As a charming bonus for clinching Serie A, £1.8 million is sliced off my transfer budget. This is due to Napoli paying that sum of money to Bordeaux as part of the deal to sign Adam Ounas. The player in question is an Algerian winger who we signed several years ago, has since largely failed to make the grade and is currently on loan with Cagliari. To summarise, I’m being punished for someone I didn’t sign and who I don’t want. Groovy.
April rounds off with a trip to London and our Europa League Semi-Final against Arsenal. Now managed by Marcelo Bielsa after the sacking of Arteta, the Gunners look destined to finish in their worse position for years and years. Currently eighth, out of reach of the Champions League places and frankly drifting, they’ve lost almost as many matches as they have won. For all that, there’s plenty of talent here. Especially notable is the contribution of young tyro Bukayo Saka, an effervescent livewire on the wing who can create something from next to nothing, an alchemist in other words.

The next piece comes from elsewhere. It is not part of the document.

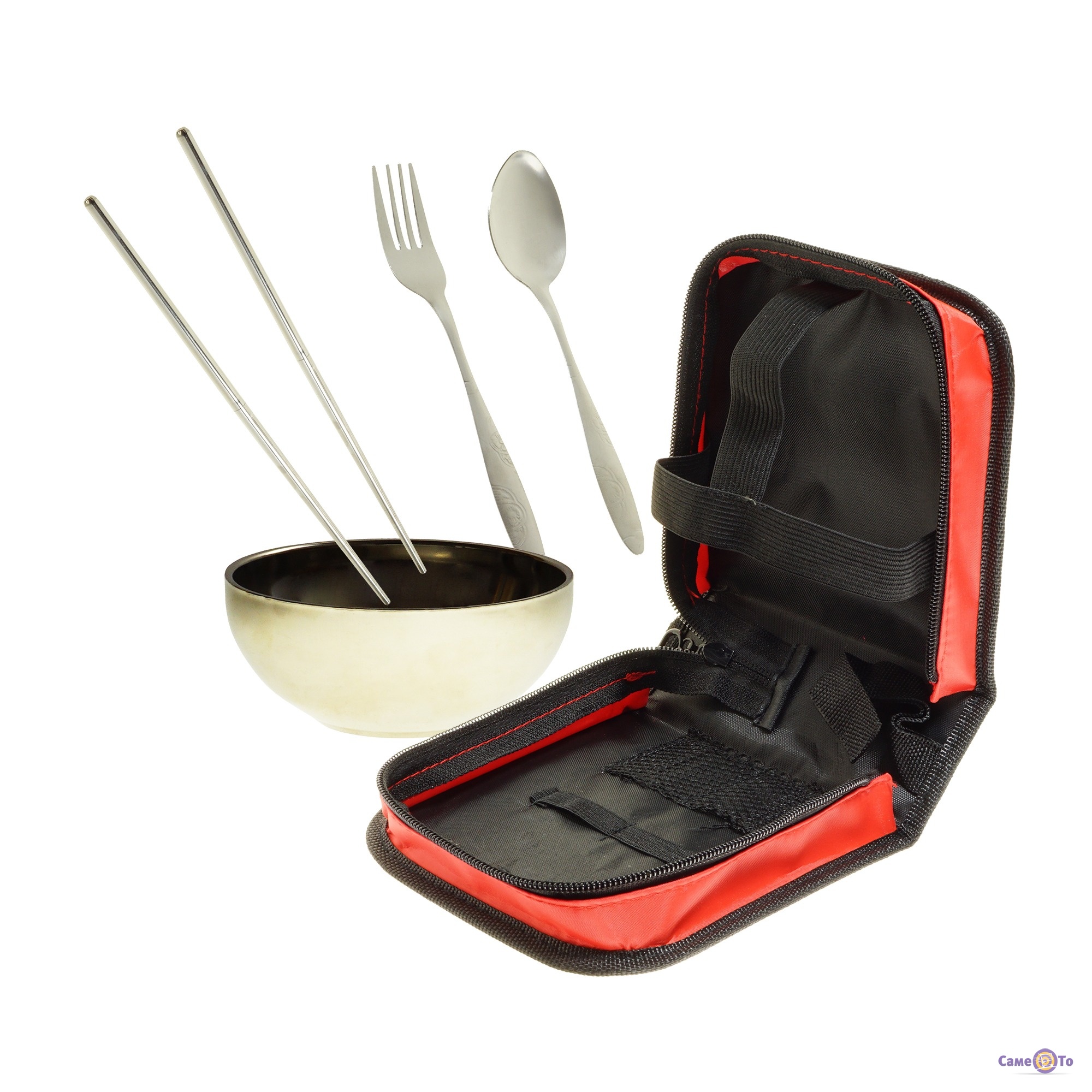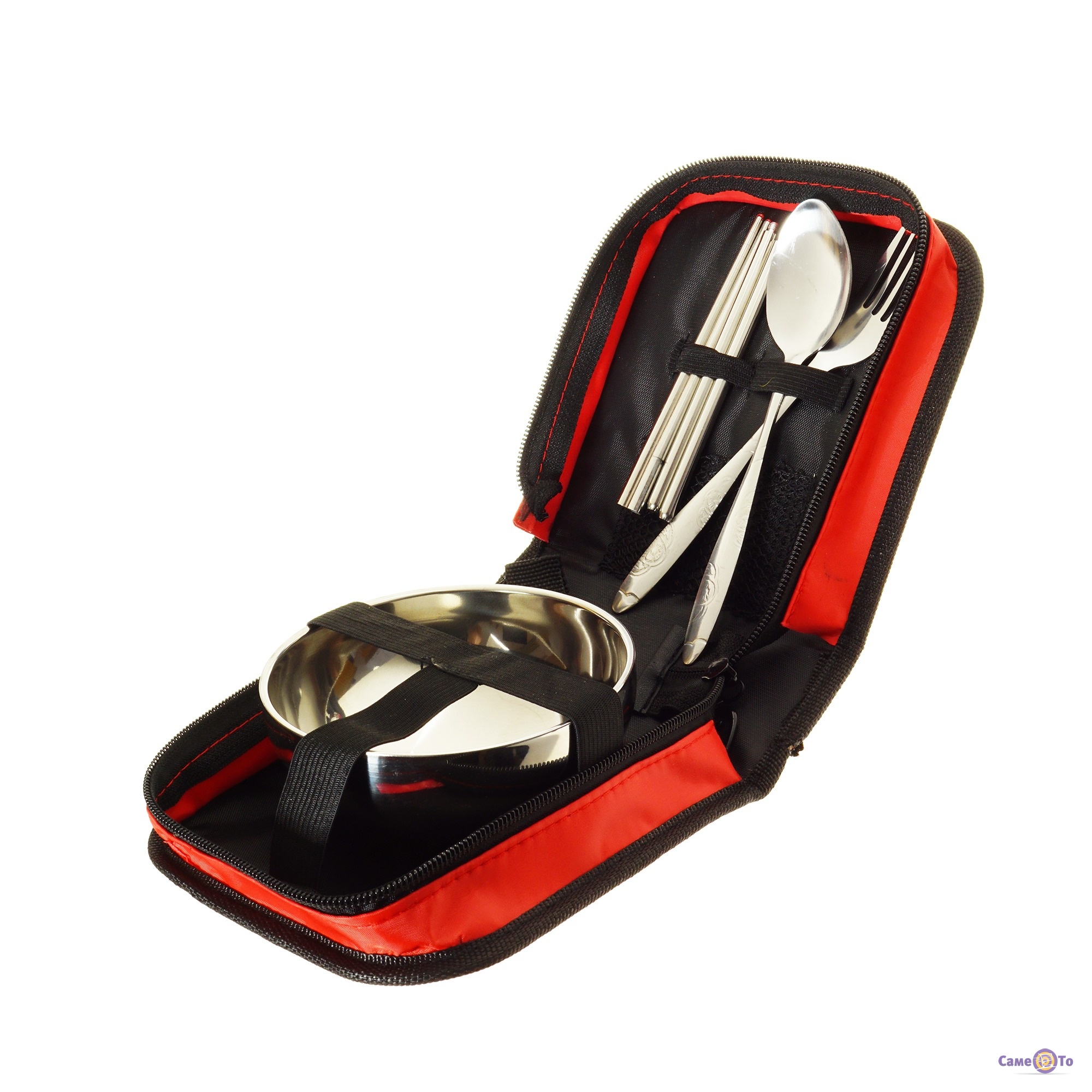 Набор туристической посуды из нержавеющей стали в красном чехле

As though to underline the comparative excellence of the Premier League, we manage not a single shot in the first half as Arsenal put us to the sword. We look tired and laboured, while the home team seem intent of taking out all the frustrations of their season out on us. Pierre-Emerick Aubameyang and Lacazette look full of slippery movement, sending my defenders spinning in their wake, however they don’t open their account until the hour mark when Koulibaly concedes a penalty and the Gabonese forward slots coolly to Ospina’s left. Forced to play with a more positive mentality, Victor Osimhen snatches one back and then Kostas Manolas finally puts us in front when he heads in from Mario Rui’s corner kick. But Arsenal don’t deserve to lose, and some late sustained pressure reaps its reward when Dani Ceballos produces an equaliser. 2-2 is a very promising scoreline to take back to Italy, considering the strength of the opposition.